Mindestspeicherfrist zur Bekämpfung von Schwerstkriminalität überfällig

9. Juli 2013 | Themenbereich: Hessen, Innenminister, Innere Sicherheit | Drucken

Innenminister Boris Rhein erteilte heute während der Innenministerkonferenz der CDU-geführten Länder allen Diskussionen um einen Verzicht auf die Mindestspeicherfrist für Telekommunikations- und Internetverkehrsdaten eine deutliche Absage.

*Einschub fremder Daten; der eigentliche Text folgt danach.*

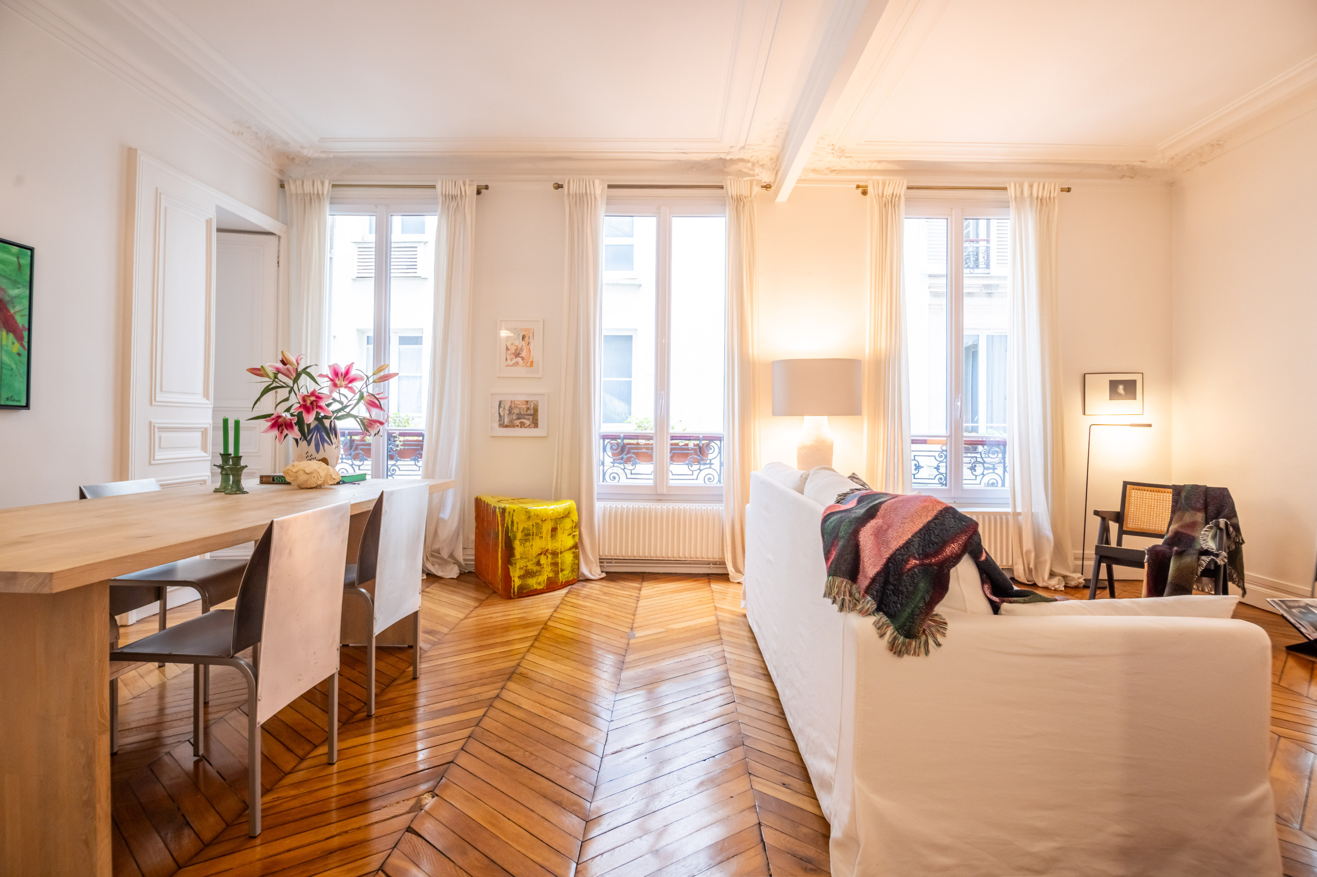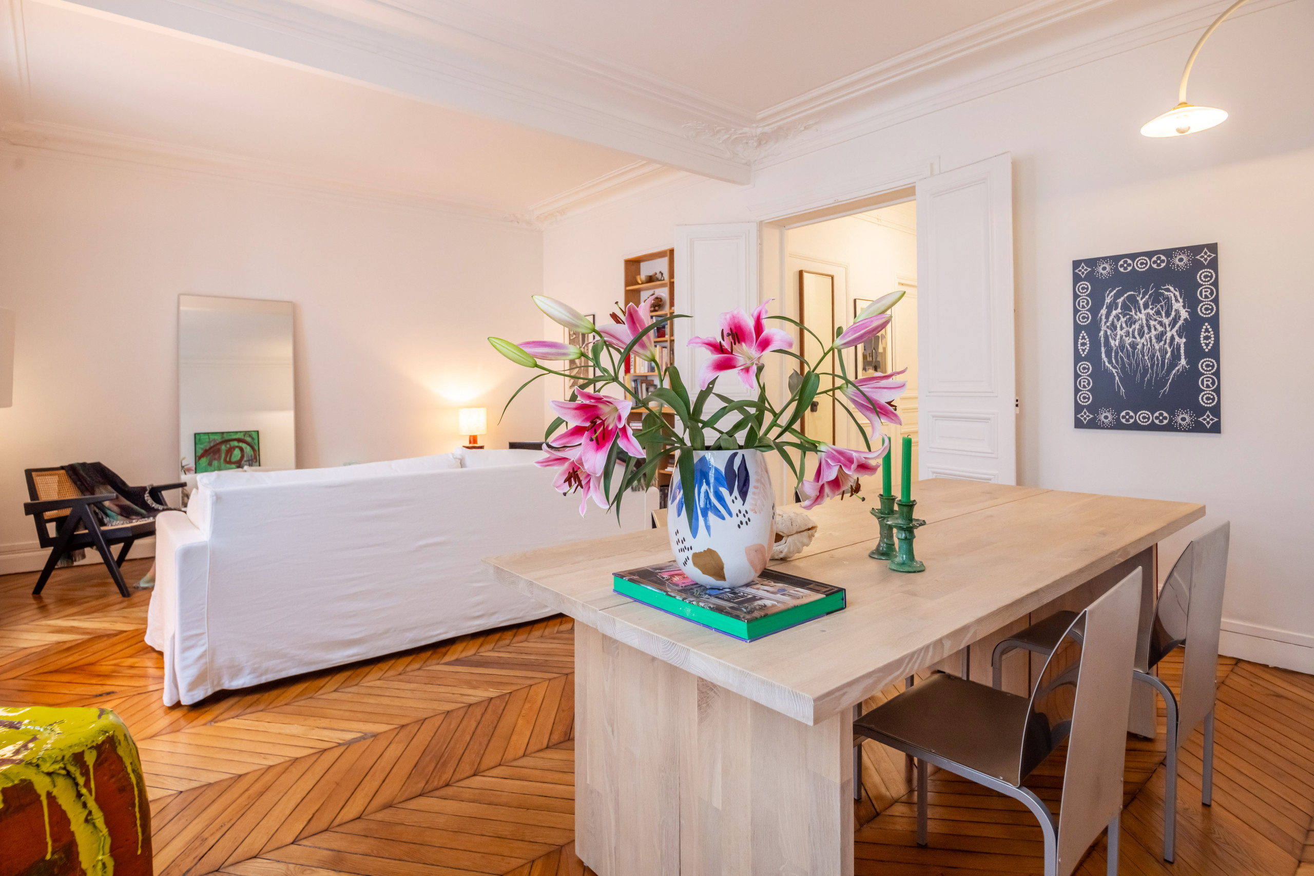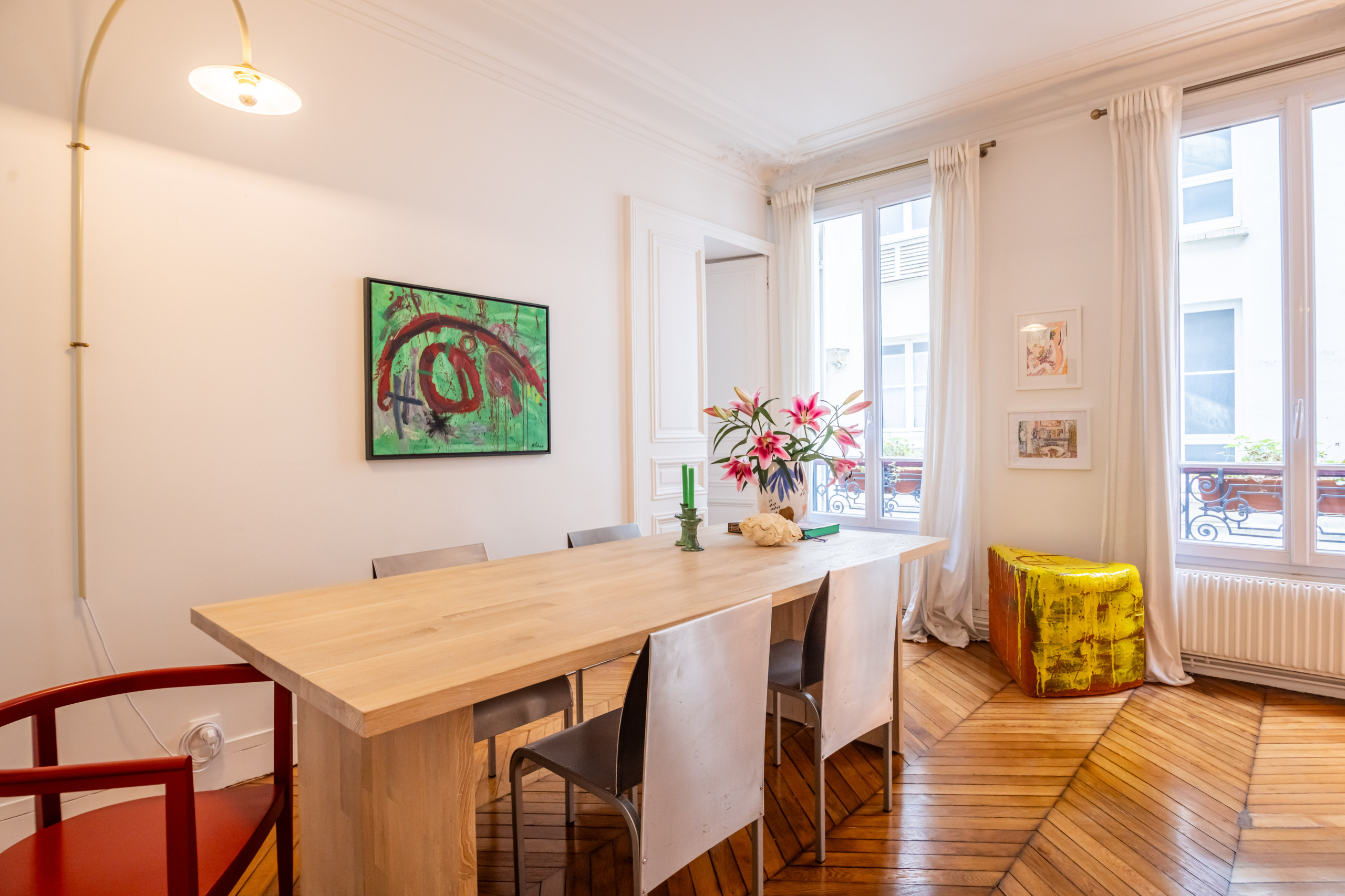 The space features original hardwood floors, elegant moldings, and a sleek, minimalist design. The cozy living room invites you to relax with its comfortable sofa and a curated library of books. A large dining table seats up to six guests, perfect for sharing a meal after a day exploring Paris.

Innenminister Boris Rhein: „Die europarechtlich verlangte befristete Speicherung der Verkehrsdaten ist notwendig, um schwere und schwerste Straftaten aufklären zu können. Dabei geht es keineswegs nur um Terrorismus, auch im Kampf gegen Kinderschänder und Kinderpornoringe im Internet, halte ich eine Mindestspeicherfrist nach den strengen Regeln des Bundesverfassungsgerichts für dringend notwendig. Nur so können wir eine vorhandene Schutzlücke schließen.“

Klar sei, dass niemand Inhalte von Gesprächen oder Nachrichten speichern dürfe; zudem müsse ein Richter über die Herausgabe der Daten entscheiden. Die Einführung sei längst überfällig.

„Erstens ist Deutschland EU-rechtlich zur Einführung der Mindestspeicherfrist verpflichtet. Unterbleibt dies drohen uns Strafzahlungen in Millionenhöhe. Zweitens ist die deutsche Polizei zwingend auf die Einführung der Mindestspeicherfrist angewiesen, die im Übrigen nichts mit der derzeitigen Debatte im Zusammenhang mit dem US Geheimdienst zu tun hat“, erklärte Innenminister Boris Rhein abschließend.